▶ **TASK OBJECTIVE**
Restate, in full and unchanged, the entries that follow, but not their pictures.

----------

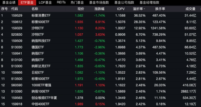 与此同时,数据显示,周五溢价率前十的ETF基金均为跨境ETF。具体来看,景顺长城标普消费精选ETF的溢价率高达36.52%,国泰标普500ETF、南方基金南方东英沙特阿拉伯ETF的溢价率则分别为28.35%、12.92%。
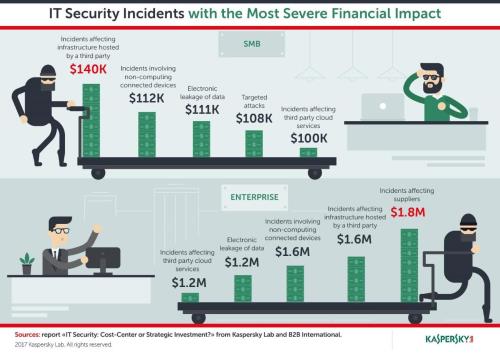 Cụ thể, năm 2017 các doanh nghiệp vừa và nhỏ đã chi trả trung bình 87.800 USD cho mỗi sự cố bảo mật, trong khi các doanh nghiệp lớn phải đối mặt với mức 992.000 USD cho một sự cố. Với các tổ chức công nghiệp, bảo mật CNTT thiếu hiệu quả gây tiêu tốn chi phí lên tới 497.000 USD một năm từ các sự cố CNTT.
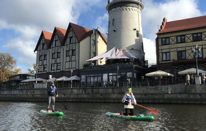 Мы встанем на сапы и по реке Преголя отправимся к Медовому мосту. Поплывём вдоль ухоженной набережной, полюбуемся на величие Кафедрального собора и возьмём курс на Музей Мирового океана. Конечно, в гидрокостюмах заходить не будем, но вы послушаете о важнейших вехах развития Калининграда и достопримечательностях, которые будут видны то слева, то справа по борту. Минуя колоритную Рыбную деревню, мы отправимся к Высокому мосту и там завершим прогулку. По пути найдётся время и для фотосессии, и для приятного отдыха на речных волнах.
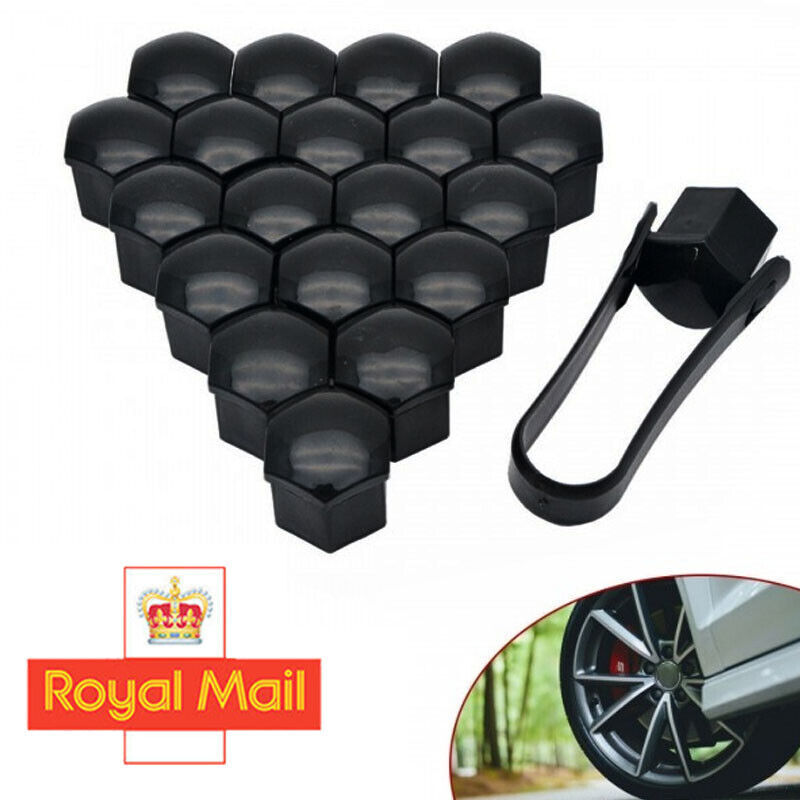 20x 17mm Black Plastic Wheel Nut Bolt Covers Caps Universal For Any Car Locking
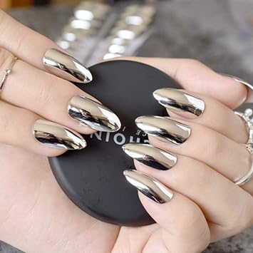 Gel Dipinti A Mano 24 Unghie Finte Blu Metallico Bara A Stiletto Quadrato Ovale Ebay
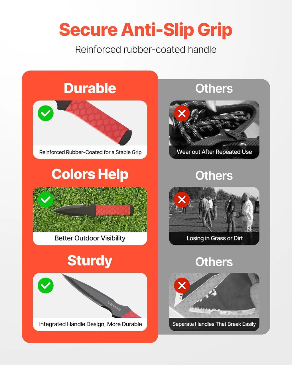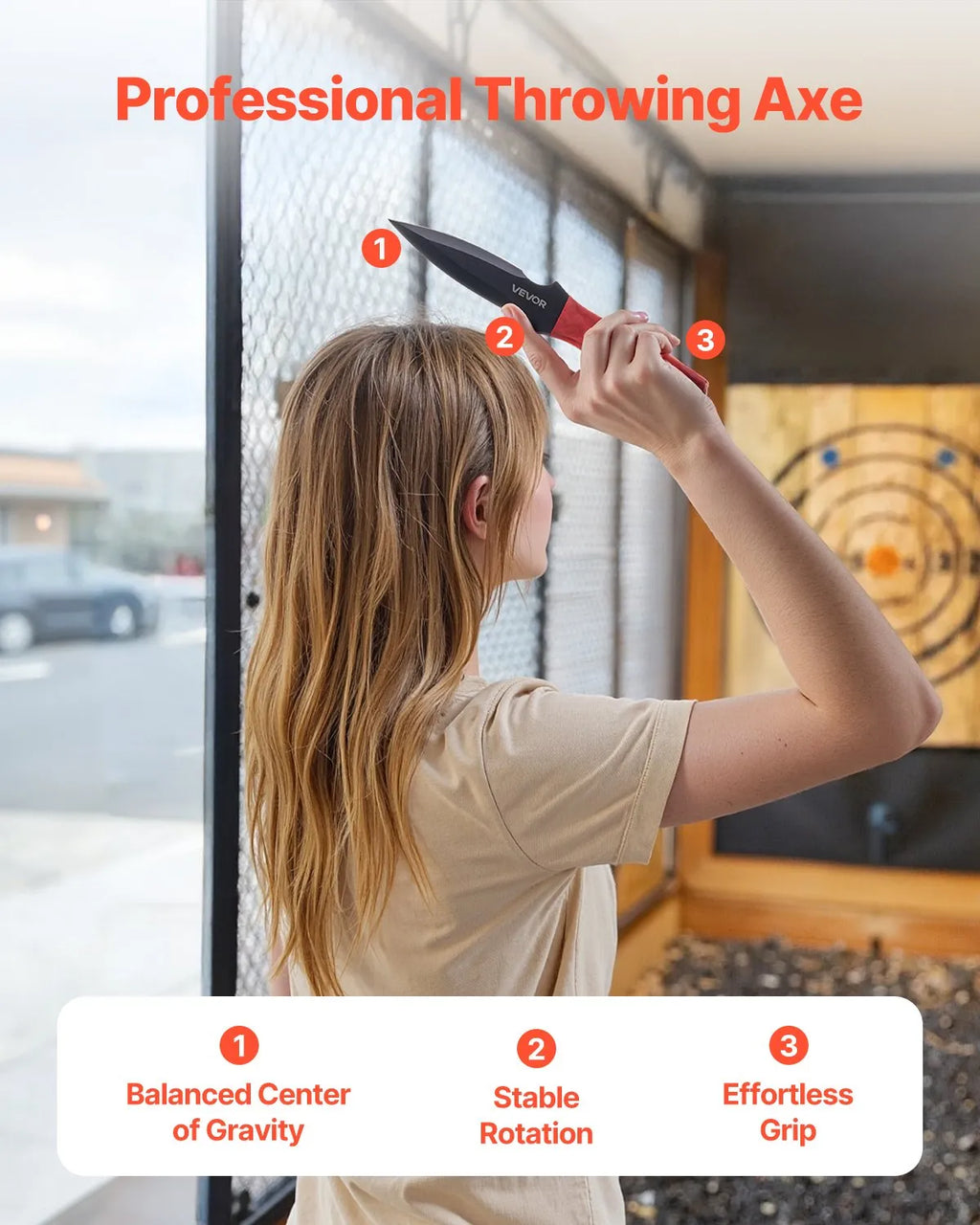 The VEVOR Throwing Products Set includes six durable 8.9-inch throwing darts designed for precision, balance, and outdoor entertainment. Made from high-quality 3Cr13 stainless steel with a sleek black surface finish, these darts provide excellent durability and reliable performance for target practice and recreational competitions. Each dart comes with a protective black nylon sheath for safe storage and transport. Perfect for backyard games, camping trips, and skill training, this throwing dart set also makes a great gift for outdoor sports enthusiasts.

----------

▶ **YOUR RESPONSE**
 与此同时,数据显示,周五溢价率前十的ETF基金均为跨境ETF。具体来看,景顺长城标普消费精选ETF的溢价率高达36.52%,国泰标普500ETF、南方基金南方东英沙特阿拉伯ETF的溢价率则分别为28.35%、12.92%。
 Cụ thể, năm 2017 các doanh nghiệp vừa và nhỏ đã chi trả trung bình 87.800 USD cho mỗi sự cố bảo mật, trong khi các doanh nghiệp lớn phải đối mặt với mức 992.000 USD cho một sự cố. Với các tổ chức công nghiệp, bảo mật CNTT thiếu hiệu quả gây tiêu tốn chi phí lên tới 497.000 USD một năm từ các sự cố CNTT.
 Мы встанем на сапы и по реке Преголя отправимся к Медовому мосту. Поплывём вдоль ухоженной набережной, полюбуемся на величие Кафедрального собора и возьмём курс на Музей Мирового океана. Конечно, в гидрокостюмах заходить не будем, но вы послушаете о важнейших вехах развития Калининграда и достопримечательностях, которые будут видны то слева, то справа по борту. Минуя колоритную Рыбную деревню, мы отправимся к Высокому мосту и там завершим прогулку. По пути найдётся время и для фотосессии, и для приятного отдыха на речных волнах.
 20x 17mm Black Plastic Wheel Nut Bolt Covers Caps Universal For Any Car Locking
 Gel Dipinti A Mano 24 Unghie Finte Blu Metallico Bara A Stiletto Quadrato Ovale Ebay
 The VEVOR Throwing Products Set includes six durable 8.9-inch throwing darts designed for precision, balance, and outdoor entertainment. Made from high-quality 3Cr13 stainless steel with a sleek black surface finish, these darts provide excellent durability and reliable performance for target practice and recreational competitions. Each dart comes with a protective black nylon sheath for safe storage and transport. Perfect for backyard games, camping trips, and skill training, this throwing dart set also makes a great gift for outdoor sports enthusiasts.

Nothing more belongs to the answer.